第三章ではGab1がいかに膜タンパク質の輸送に関与しているかを解析している。Gab1のムチン分泌の制御を調べるために、糖鎖を特異的に認識結合、架橋形成するタンパク質であるレクチンを用いて免疫染色を行った。レクチンMAL2はMuc1のシアル酸付加後の糖鎖Galβ1,3GalNAcとSAα2,3Galβ1,3GalNAcを認識する。MAL2の染色の結果、野生型NUGC4細胞はムチンがシアル酸付加されてから細胞膜へ輸送されるが、Gab1_i細胞ではムチンがシアル酸付加されるにも関わらず細胞内に留まって細胞膜には輸送されないことが分かった。これらの結果により、Gab1がトランスゴルジネットワーク(TGN)において分泌系を制御することが示唆された。次に、Gab1の局在を検討した。TGNタンパク質であるTGN38とGab1免疫染色により、NUGC4細胞ではGab1とTGN38が共局在が見られた。また、MCF7細胞にheregulin刺激を加えると、Gab1がTGNへの移行が観察された。これらの結果により、Gab1は活性化に伴ってTGNに移行し分泌系を制御することが示唆された。NUGC4細胞ではGab1が恒常的に活性化されているために刺激によらずTGNに局在したものと思われた。

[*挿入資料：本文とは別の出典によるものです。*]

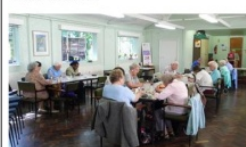
A traditional bingo session and the Saville Knitters have a giggle.
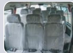
Spacious Passenger Seat
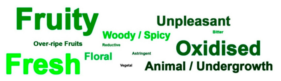
Figure 2. Word cloud of the descriptors elicited by the white wines considered to be organic (SB2016, VB2015, CC2013).

The responses given in the guess session may be considered as the psychological construct of a wine supposed to be organic wine by trained and knowledgeable tasters. Gathering the flavour descriptions and the emotional responses for white (Figure 2) and red wines (Figure 3) in a word cloud (font size according to frequency of occurrence) it becomes evident what may be regarded as the flavour and emotional profile expected to characterize organic wines for an experienced cohort.
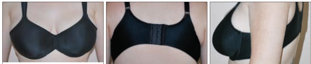
After: A Visit To Leisure & Lace Assures A Proper Fit Every Time. See For Yourself!
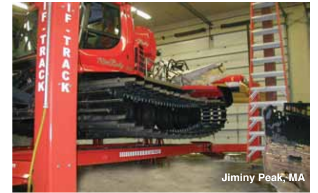
Jiminy Peak, MA
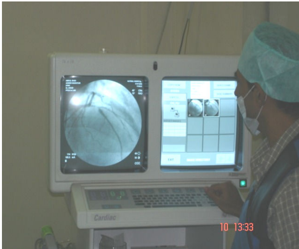
Al-Faisal specialized Hospital; an important new addition to modern medical services in Sudan. Physiotherapy, Cath.Lab., emergency and ICU services are available
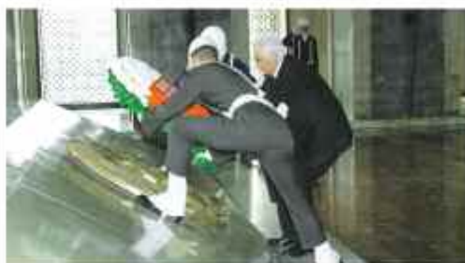
A WREATH FOR ATATÜRK: NOC President Togay Bayatlı places a wreath on the tomb of Atatürk at the Atatürk Mausoleum in Ankara.

At a special ceremony at the Fair Play Council's offices in Turkey's Olympic House, a copper plaque bearing portraits of these five people was hung up to commemorate the Fair Play Council's 27th birthday. Of the five founding members, two are still alive.
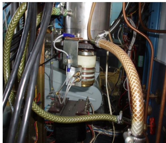
Fig. 1 Parts of the HF CVD system below the vacuum jar. One can see the rotary mechanism, sliding annular contacts, outputs of the thermocouples (grey cables) and temperature compensation (blue connection).

synthesis of carbon nanotubes was described in detail in [1-3]. The main problem lies in deposition of conductive impurities on the thermocouples, which leads to a decreased accuracy or complete failure of temperature measurement. Another problem is the interruption of the \pm 12 V voltage from the external supply due to unreliability of the sliding annular copper contacts between the
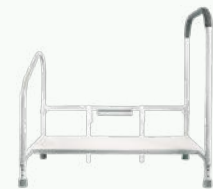
Step-2-Bed Bed Rail
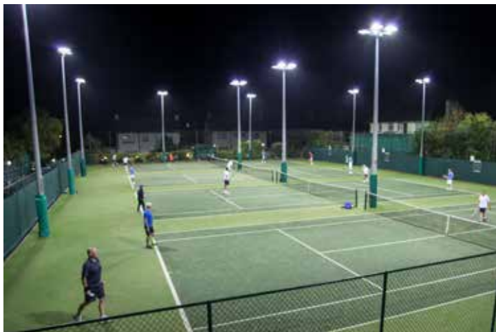
Action on four of the courts

The club was founded in 1886. It has six all weather tennis courts and two squash courts. As well as tennis and squash, the club has a very active social side.

　以上、要するに本研究は、アダプタータンパク質であるGab1が細胞の分泌系を制御することを初めて見出し、これまで不明であったPI3-kinaseの小胞輸送への関与を具体的なものとした。本研究は印環細胞がんの生化学的知見を供給するとともに、その治療法の開発へのシーズをも供給したものであり、学術上応用上貢献するところが大である。よって審査委員一同は本論文が博士(農学)の学位論文として価値あるものと認めた。